"Insidious": "Saw" creators go back to horror basics

The canny new haunted-house flick "Insidious" channels "Poltergeist" and "The Exorcist"

By Andrew O'Hehir

Executive Editor

Published March 30, 2011 7:45PM (EDT)

A still from "Insidious"
A still from "Insidious"

Let me introduce this more-or-less positive review of "Insidious" with a couple of caveats. 1) This competent but derivative spook-tacle comes from the team of director James Wan and writer Leigh Whannell, the Aussies who invented the "Saw" franchise, and while you could argue that their first installment (the only one they personally supervised) was superior to the later films you wouldn't actually be right about that. 2) I'm not convinced that Wan and Whannell know what the word "insidious" means, since the title card comes in enormous boldface type, accompanied by screechy, dissonant, Arnold Schoenberg-style strings. I think they think it means really, really evil, plus kind of awesome, as in, "Dude, that's insidious!" Either that or they're capitalizing on the possibility that the audience doesn't know what it means, which might be worse.

So the pleasant surprise when you actually watch "Insidious" is that it turns out to be a moderately effective suburban-family creep show, majorly in debt to "Poltergeist" and "The Exorcist" and capturing at least a little of their spirit. Given the dreary landscape of contemporary horror, making a creditable imitation of movies that were actually good qualifies as an artistic breakthrough. Patrick Wilson and Rose Byrne play the wholesome young parents -- he's a Dockers-wearing schoolteacher, she's a stay-at-home mom and aspiring singer-songwriter -- whose new house and 8-year-old son become the focus of scratchy noises, strange apparitions with bad Goth hairstyles and other gradually intensifying weirdness.

It's a critical truism to say that the best horror movies rely on a slow, ambiguous buildup, and scare you more with suspense and atmosphere rather than shocks or gore. Still, it's almost startling to realize all over again how much more effective that approach can be.

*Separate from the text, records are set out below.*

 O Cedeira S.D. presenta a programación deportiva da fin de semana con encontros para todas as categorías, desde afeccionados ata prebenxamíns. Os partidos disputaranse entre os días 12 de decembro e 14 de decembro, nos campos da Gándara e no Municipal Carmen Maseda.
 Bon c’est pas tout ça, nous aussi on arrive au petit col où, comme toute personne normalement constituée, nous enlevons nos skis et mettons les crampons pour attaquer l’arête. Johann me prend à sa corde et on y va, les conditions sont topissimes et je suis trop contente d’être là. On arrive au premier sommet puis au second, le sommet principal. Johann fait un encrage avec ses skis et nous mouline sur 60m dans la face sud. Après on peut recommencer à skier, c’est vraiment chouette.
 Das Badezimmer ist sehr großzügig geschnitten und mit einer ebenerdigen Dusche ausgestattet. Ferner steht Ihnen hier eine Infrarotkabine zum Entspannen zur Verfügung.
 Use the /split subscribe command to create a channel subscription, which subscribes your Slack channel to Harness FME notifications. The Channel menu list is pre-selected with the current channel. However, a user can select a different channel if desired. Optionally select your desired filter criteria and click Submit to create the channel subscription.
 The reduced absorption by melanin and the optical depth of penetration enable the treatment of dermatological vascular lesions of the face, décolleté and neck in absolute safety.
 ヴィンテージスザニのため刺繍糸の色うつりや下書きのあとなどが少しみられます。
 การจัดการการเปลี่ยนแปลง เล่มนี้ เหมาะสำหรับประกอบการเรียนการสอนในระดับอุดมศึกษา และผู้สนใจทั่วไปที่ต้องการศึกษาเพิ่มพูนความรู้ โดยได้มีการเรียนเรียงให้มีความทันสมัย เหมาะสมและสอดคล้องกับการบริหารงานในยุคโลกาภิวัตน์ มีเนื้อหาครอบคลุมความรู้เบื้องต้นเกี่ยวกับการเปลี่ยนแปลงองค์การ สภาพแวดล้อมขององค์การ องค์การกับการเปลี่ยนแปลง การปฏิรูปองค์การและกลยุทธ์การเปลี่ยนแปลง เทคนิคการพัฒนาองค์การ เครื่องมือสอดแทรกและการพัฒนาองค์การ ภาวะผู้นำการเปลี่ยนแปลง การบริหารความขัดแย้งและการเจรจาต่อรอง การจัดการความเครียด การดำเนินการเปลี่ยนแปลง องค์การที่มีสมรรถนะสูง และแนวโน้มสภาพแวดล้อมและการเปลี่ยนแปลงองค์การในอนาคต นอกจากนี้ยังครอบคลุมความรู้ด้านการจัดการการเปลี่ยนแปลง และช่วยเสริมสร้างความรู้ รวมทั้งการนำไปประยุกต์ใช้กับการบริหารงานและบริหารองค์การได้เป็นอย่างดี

There's nothing overtly ominous about the two-story 1920s Arts & Crafts-style house where Renai (Byrne) first begins to hear weird scraping sounds and barely audible voices, or to half-glimpse sinister figures in or around the room of her oldest son, Dalton (Ty Simpkins). Her husband, Josh (Wilson), avoids the whole question, apparently believing she's losing her grip, and starts spending late nights "grading papers." But wait -- does Josh have a secret? Does he? Well, does he?

After Dalton falls into an unexplained coma -- and that happens early on, spoiler cops -- Renai insists that the family has to move out, but this haunting turns out not to be house-specific. Josh's mother, played by Barbara Hershey with arched eyebrows and a tense, reserved demeanor, seems to have a suspicious degree of insight into what has befallen Dalton, and summons the inevitable older female psychic (Lin Shaye) along with her team of goofball Abbott-and-Costello assistants (played by Angus Sampson and screenwriter Whannell). Wan balances this utterly familiar comic-scary setup with a couple of novel plot twists, which you'll see coming but may not totally figure out. (For reasons of their own, the filmmakers have given almost everything away in interviews, but I will say no more.)

I never quite escaped from the feeling that "Insidious" is more of a technical exercise than a work of conviction, but at least it's a reasonably successful technical exercise. Wan and Whannell seem eager to prove they can make a movie aimed more at a marginally adult audience, a movie built around a likable pair of B-plus dramatic actors that's modeled after enduring horror classics and flavored with dashes of Kubrick and David Lynch. The cinematography (by John R. Leonetti and David M. Brewer) is muted and reasonably graceful, and only when Josh must pursue Dalton's spirit into a numinous realm called The Further, full of dry-ice smoke, evil clowns and wacky dead people from other eras, does the whole thing start to seem like a second-rate farrago of every supernatural-themed movie ever made. Wan and Whannell nearly redeem themselves with a stinger ending that may just catch you napping, and the net effect of this almost-pretty-good genre flick is indeed retro, perhaps in ways they do not intend. If you were actually watching this on TNT, in 1992, in your parents' basement -- instead of in a movie theater for $10 or more -- it would seem fully insidious.


By Andrew O'Hehir

Andrew O'Hehir is executive editor of Salon.